You know, sometimes you anticipate a film so much that it acts like a drug. A vague recurring dream; a rumour on the web, two or three years ago; maybe a poster in the street, six months before; a too-short-too-quick teaser, several weeks past. You get closer. TVs start buzzing. Even your neighbour knows about it. It feels like an incoming meteor. A heat wave burns your wings, and the fall is good.
But when the lights turn off and your precious film is about to begin, ready to drink up every drop that falls from the screen you almost feel like you want to go back: back to this wild dream you had, where it was all uncertain, but where you had this increasing tension to breathe with. Because then, what the hell comes afterwards? Fulfilled hope is an emotional dead-end.
Don’t we live for this kind of unending thrill? The dreamy state of projecting oneself into a far-away silken future is maybe what we secretly crave the most. Waiting for holidays, a date or a big happening gives almost equal - if not more - pleasure, than the event itself. Of course pleasure is only a shortcut away from his uncanny sister: pain. Indeed, a familiar psychological conundrum is whether our actions are driven by our thirst for pleasure or by fear of the consequences. Maybe both, but the fear of pain is devastating and, mostly unconsciously, we rearrange our lives in order to avoid everything that can hurt us (physically and emotionally). The truth is: our imagination is a wild horse, leading us wherever he wants, whether it’s over a cloudscape… or under raging storms.

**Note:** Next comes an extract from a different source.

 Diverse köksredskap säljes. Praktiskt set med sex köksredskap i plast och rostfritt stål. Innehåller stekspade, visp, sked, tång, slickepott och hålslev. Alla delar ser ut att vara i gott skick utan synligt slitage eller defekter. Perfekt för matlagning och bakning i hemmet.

Therefore, we understand why foreshadowing is a powerful writing device. “Foreshadowing”, in screenwriter lingo, is the best way to make you anxious about the outcome of a dilemma, about the destiny of a character or the resolution of a story. It’s when you suddenly raise a powerful thought in the audience’s mind, with very little information. Then, you leave them to do the job. The nasty glance of a character at the end of a scene; an insert of a tentacle getting out of a gully hole, while the heroes are shooting the breeze. Yes, you can call it suspense, because suspense is the black belt of the foreshadowing art. This magicians’ trick is the ABC of the scriptwriter.

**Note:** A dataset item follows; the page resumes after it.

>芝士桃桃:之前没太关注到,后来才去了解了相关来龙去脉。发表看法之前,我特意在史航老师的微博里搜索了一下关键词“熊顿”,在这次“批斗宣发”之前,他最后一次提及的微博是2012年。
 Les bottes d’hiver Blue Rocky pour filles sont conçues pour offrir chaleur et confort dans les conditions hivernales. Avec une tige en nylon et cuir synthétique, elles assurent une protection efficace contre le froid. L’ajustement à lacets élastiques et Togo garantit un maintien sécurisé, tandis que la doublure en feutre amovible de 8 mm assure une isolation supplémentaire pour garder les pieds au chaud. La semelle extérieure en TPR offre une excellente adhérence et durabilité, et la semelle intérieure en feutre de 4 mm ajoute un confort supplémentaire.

Foreshadowing works in the short term - within the unity of a scene - or in the long run. A prophecy told to the hero –will it be fulfilled? A threat spat out by the super villain –will he take action? Usually, promises are held… but in a way which is a light-year away from what we were expecting. And that’s where the pleasure comes in. When surprise bursts out. Now, back to our real-life expectations, surprise is also the benediction of our daily routine. We long for something to happen, for something to be, once in a while, different. It’s that smell of unexpectedness we love in the fictional mist, so where is it around us, in the daylight?
Let’s hope, folks, that Cannes 2010 will bring us a full deck of wonder. Otherwise, we’ll have to seek it… outside the matrix.